The Medicare Access and CHIP Reauthorization Act (MACRA) of 2015 makes sweeping changes to how Medicare will pay for physician services. The legislation repeals the flawed Medicare physician sustainable growth rate (SGR) formula and, instead, provides predictable payment increases. The law also calls for the Centers for Medicare & Medicaid Services (CMS) to implement a new two-track payment system for physicians and other eligible professionals. The intent of the two tracks is to tie an increased percentage of physician payments to outcomes through the Merit-based Incentive Payment System and to encourage the adoption of “alternative payment models” (APMs). APMs move payment away from fee-for-service reimbursement, and instead pay providers based on the quality and cost of care for particular episodes (e.g., bundled payment), or defined patient populations (e.g., accountable care organizations).

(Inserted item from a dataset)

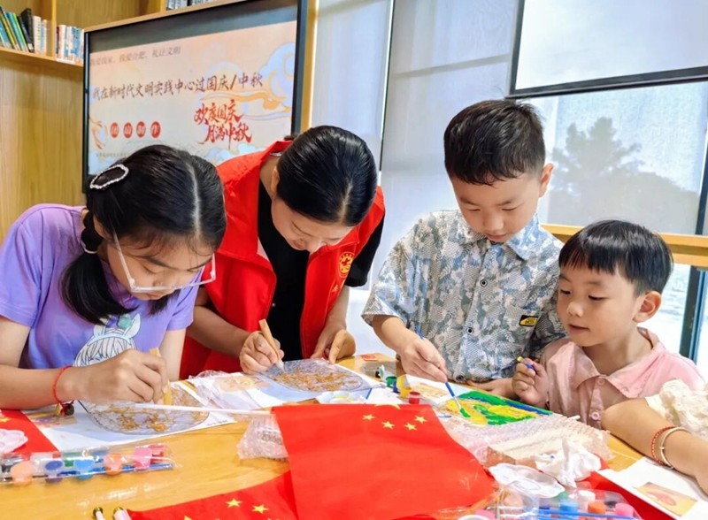 9月27日,文翁书院变身“童趣工坊”,30名小朋友齐聚一堂,参与庆国庆迎中秋珐琅玻璃画制作活动。活动中,孩子们在志愿者的指导下,认真学习掐丝、制作沙料、填画等步骤,用稚嫩的小手勾勒线条、填充色彩,将对祖国的祝福融入一幅幅作品中。斑斓的珐琅玻璃画不仅展现出祖国的繁荣昌盛,更在孩子们心中悄悄种下了爱国情怀的种子。

Implications for Hospitals and Health Systems. How CMS implements the changes contained MACRA will have a significant impact, not only on physicians, but also on the hospitals and health systems with whom they partner. Hospitals that employ physicians directly will help defray the cost from implementation of and ongoing compliance with the new physician performance reporting requirements, as well as be at risk for any payment adjustments. Moreover, hospitals may be called upon to participate in APMs so that the physicians with whom they partner can qualify for the APM track.